Lembranças
da meia noite.
A
Ampulheta do tempo.
O
tempo passa. É mais que o relógio que marca as horas. Inexoravelmente. Algumas
vezes ele deixa marcas, tristezas e alegrias, outras não. Marcas que ficam
gravados na memória e até em nosso próprio modo de viver. Um dia, a beira de
uma estrada com uma reta infindável eu comecei a notar a passagem dos carros em
alta velocidade. Até aonde a vista alcançava eu via um automóvel pequenino que
se aproximava e seu tamanho ia aumentando. E quando eu ia ver quem estava
dentro dele ele passava tão rápido que não podia ver. Em grande velocidade ele em
alguns segundos desaparecia na estrada sem fim. E assim veio outro e mais
outro. Significava o que? Quem sabe a medição do tempo? Mas é possível medir o
tempo? Dizem que ele passa tão rápido que nem percebemos.
Sei que não se pode medir o tempo. Filosofando seria possível dizer que
ao nascermos alguém virou a ampulheta e nossa vida começou a ser contada. Tic
tac, tic, tac. Claro, um dia está ampulheta irá ficar vazia. Durante nossa
jornada, ela vai marcando o nosso tempo. Na primeira década estávamos a
descobrir coisas. Aprender o certo e o errado. Brincar, sonhar, coisas de
meninos e meninas. Na segunda década a puberdade. O mundo fácil de alcançar. O
primeiro amor, a descoberta dos sonhos. Vem à terceira década. A escolha de uma
cara metade para fazermos uma vida juntos para sempre. A faculdade, o emprego,
os negócios, os sonhos deliciosos de um futuro promissor. Há quarta década
começa a assustar. Nem tudo deu certo. Muitos dos sonhos não se realizaram. O
poder, a riqueza, o ser feliz para sempre se tornou um conhecimento pragmático
do mundo que ficou para trás. Há quinta década, a autoanálise. Valeu? Esqueci
alguma coisa? Era o que queria? E aparece assim de repente há sexta década. A
ampulheta está se exaurindo. É hora de pensar em tudo que realizou.
Lembro-me de tudo que aconteceu comigo. A mesa cheia de filhos, netos,
genros, noras, sogra, cunhado. Alegria só. Olhava para todos e pensava que
quando viraram a minha ampulheta nada daquilo existia. Era eu somente. A
ampulheta não parou, produziu tudo aquilo que estava em volta de minha mesa.
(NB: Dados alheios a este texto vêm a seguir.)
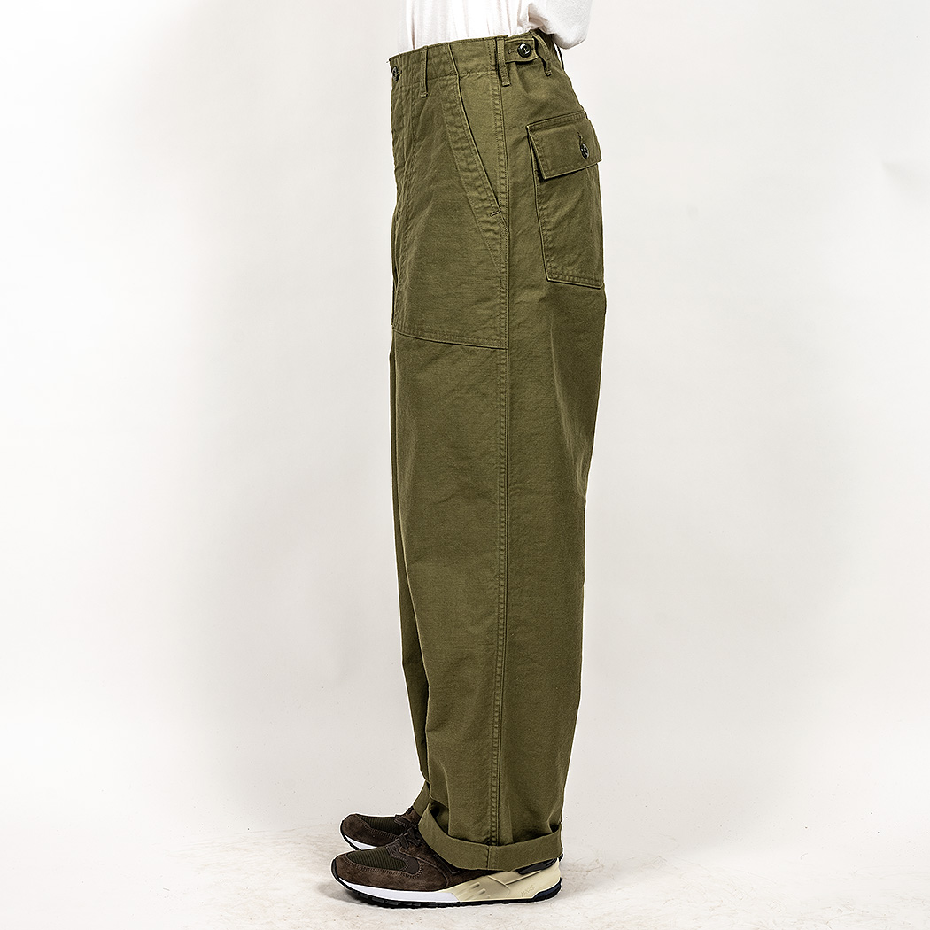 軍パンと言えばOD、でも定番のバックサテンとはまた違う生地でちょっと雰囲気を変えてみたくもありました。

Era como um leque que aos poucos se abria. Sorria, pois apesar de tudo, de
sonhos que não se realizaram, das fantasias esquecidas no fundo de um bornal,
havia um “que” de felicidade. O tempo foi passando, pois assim passam todas as
coisas do tempo. Esperar o próximo ano. Sem planos. Sem sonhos. Vivendo o dia
como ele é. Fechar os olhos para não ver o automóvel sumir na estrada do tempo.
Fechar a mente para não ver e sentir o último grão de areia da ampulheta da
vida.
A cada ano eu dava um viva por chegar até ali. Mais um dia que o tempo
vai me presentear. E quantos anos eu tenho mais? Não sei e não importa. Sejam
bem vindos todos que vierem. Aproveitar os minutos e segundos que ainda posso
ter. Ver meus familiares reunidos, barulhos, sorrisos, gargalhadas, Olhar a
cerveja e aquele uísque com olhos brilhantes de não poder mais e pensar como
eram deliciosos no tempo que um dia se foi. Em Eclesiastes, eu li um dia que –
“Tudo tem o seu tempo determinado e há tempo para todo propósito debaixo do
céu: O tempo de nascer e tempo de morrer. Tempo de chorar e tempo de rir. Tempo
de Abraçar e tempo de afastar-se. Tempo de amar e tempo de aborrecer. Tempo de
guerra e tempo de paz”.
Melhor seria copiar Charles Darwin que foi verdadeiro em suas palavras –
“O homem que tem coragem de desperdiçar uma hora do seu tempo não descobriu o
valor da vida.” E assim, de ano a ano em vou ficar a pensar quando será meu
último. Melhor mesmo é não se preocupar. Cada ano vivido deve ser alegre e
assim ainda sonho em viver muitos anos nesta marcha implacável e inflexível da
Ampulheta do Tempo!
Boa noite meus amigos e minhas amigas. Durmam bem.